• **Exercise aim**: Below are records that hold pictures; write out only the lines from their start through the line with "今日の生活科の時間は、2年生", exactly, and drop the pictures.

• **Recorded data**:
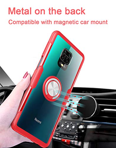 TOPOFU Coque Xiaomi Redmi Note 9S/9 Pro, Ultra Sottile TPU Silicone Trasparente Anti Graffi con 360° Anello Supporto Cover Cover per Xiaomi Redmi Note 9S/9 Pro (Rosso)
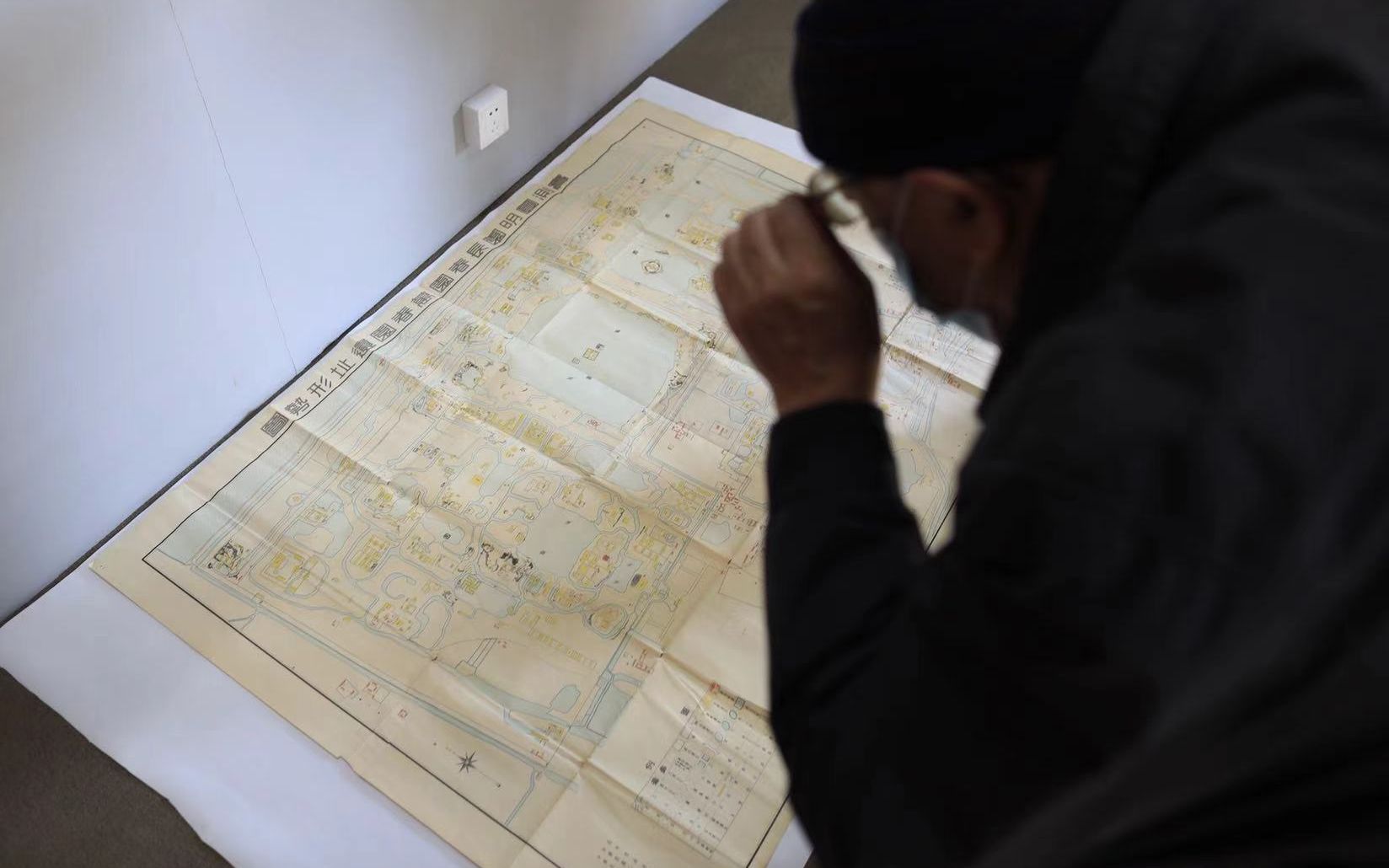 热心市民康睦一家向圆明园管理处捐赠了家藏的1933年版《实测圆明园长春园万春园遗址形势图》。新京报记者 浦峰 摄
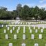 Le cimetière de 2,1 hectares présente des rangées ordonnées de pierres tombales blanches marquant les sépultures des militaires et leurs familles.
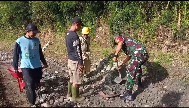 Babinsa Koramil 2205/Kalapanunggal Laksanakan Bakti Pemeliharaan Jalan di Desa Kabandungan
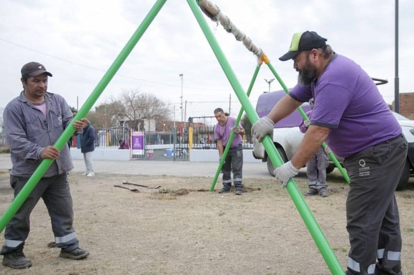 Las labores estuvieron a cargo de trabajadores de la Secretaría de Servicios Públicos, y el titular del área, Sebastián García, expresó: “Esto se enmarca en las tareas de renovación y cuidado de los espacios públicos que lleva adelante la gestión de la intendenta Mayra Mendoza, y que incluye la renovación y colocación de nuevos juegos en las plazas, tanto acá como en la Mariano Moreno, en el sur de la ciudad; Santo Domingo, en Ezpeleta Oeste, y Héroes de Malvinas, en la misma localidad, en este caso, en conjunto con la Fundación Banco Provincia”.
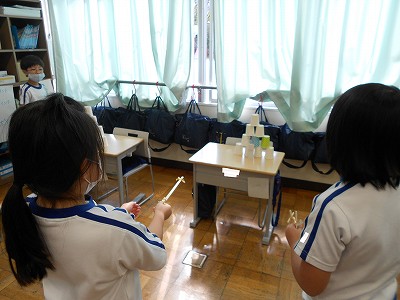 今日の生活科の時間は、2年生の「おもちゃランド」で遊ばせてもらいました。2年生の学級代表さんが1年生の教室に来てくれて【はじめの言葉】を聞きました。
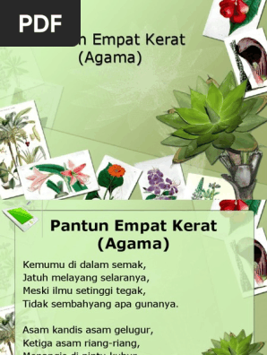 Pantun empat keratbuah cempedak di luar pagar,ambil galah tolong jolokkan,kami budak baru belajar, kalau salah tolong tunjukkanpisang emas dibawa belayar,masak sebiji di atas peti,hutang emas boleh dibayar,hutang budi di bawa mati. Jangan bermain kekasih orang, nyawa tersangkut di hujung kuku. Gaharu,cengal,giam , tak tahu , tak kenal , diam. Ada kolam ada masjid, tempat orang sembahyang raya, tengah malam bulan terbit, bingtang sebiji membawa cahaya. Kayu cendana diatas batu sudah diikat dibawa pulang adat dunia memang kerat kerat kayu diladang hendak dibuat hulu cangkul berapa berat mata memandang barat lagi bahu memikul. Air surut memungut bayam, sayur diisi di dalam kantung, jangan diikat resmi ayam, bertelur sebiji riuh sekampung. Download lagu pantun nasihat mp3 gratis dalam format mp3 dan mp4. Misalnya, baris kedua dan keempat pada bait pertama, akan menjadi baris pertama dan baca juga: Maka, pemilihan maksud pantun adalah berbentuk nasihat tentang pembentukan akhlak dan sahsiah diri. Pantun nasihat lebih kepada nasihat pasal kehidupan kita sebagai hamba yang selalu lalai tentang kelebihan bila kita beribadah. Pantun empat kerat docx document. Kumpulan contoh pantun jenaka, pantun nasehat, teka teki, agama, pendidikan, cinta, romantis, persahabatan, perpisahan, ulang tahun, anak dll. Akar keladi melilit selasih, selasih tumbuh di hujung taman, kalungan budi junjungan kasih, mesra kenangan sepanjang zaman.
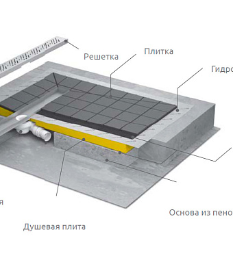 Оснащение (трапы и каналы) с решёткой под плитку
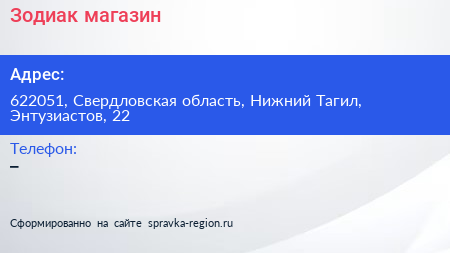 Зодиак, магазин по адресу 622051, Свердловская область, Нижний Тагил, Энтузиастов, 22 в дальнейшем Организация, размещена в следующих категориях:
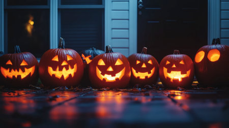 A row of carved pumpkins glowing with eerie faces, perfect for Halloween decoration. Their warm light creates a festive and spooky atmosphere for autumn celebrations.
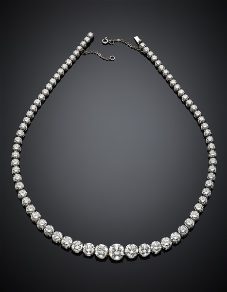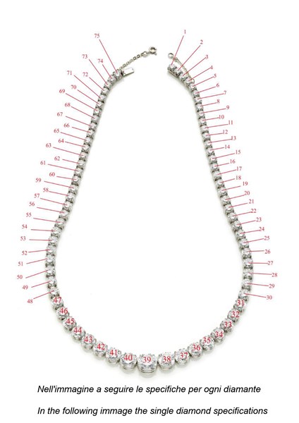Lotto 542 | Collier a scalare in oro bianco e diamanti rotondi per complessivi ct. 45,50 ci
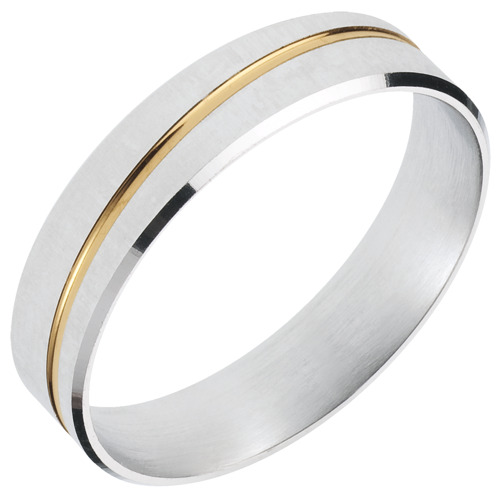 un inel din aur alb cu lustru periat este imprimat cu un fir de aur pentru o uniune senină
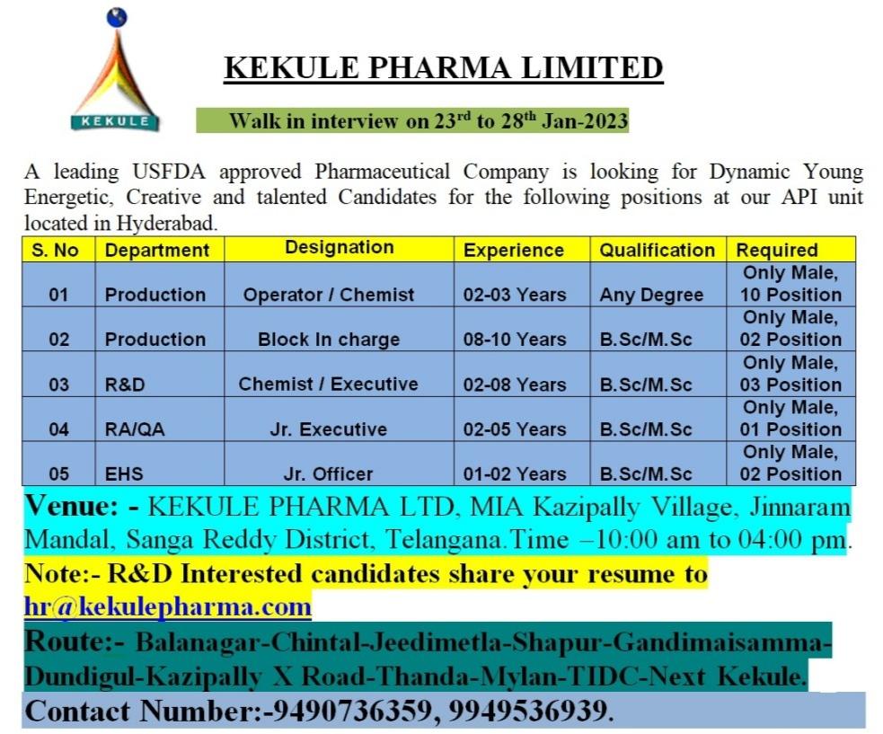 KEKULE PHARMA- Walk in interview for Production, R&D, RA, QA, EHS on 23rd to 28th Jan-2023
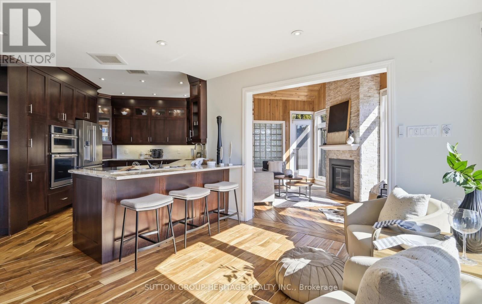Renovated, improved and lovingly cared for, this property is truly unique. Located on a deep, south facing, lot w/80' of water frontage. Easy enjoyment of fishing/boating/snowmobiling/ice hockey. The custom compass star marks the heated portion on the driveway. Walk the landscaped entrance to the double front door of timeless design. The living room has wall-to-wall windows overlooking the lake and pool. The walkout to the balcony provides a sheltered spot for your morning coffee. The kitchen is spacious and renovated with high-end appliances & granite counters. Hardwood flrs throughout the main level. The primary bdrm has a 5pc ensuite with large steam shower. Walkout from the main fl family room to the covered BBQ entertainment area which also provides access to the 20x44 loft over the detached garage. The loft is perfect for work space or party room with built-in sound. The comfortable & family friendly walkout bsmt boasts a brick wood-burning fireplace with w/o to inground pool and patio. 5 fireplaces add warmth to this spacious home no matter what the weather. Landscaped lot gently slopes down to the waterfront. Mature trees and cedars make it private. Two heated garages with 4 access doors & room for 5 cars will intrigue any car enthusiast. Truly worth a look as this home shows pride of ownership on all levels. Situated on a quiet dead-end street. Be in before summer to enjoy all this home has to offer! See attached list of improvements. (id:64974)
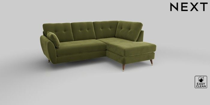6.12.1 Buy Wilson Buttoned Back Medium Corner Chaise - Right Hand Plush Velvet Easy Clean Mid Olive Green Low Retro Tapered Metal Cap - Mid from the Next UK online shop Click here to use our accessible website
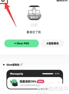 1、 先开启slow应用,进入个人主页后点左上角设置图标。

• **Exercise answer**:
 TOPOFU Coque Xiaomi Redmi Note 9S/9 Pro, Ultra Sottile TPU Silicone Trasparente Anti Graffi con 360° Anello Supporto Cover Cover per Xiaomi Redmi Note 9S/9 Pro (Rosso)
 热心市民康睦一家向圆明园管理处捐赠了家藏的1933年版《实测圆明园长春园万春园遗址形势图》。新京报记者 浦峰 摄
 Le cimetière de 2,1 hectares présente des rangées ordonnées de pierres tombales blanches marquant les sépultures des militaires et leurs familles.
 Babinsa Koramil 2205/Kalapanunggal Laksanakan Bakti Pemeliharaan Jalan di Desa Kabandungan
 Las labores estuvieron a cargo de trabajadores de la Secretaría de Servicios Públicos, y el titular del área, Sebastián García, expresó: “Esto se enmarca en las tareas de renovación y cuidado de los espacios públicos que lleva adelante la gestión de la intendenta Mayra Mendoza, y que incluye la renovación y colocación de nuevos juegos en las plazas, tanto acá como en la Mariano Moreno, en el sur de la ciudad; Santo Domingo, en Ezpeleta Oeste, y Héroes de Malvinas, en la misma localidad, en este caso, en conjunto con la Fundación Banco Provincia”.
 今日の生活科の時間は、2年生の「おもちゃランド」で遊ばせてもらいました。2年生の学級代表さんが1年生の教室に来てくれて【はじめの言葉】を聞きました。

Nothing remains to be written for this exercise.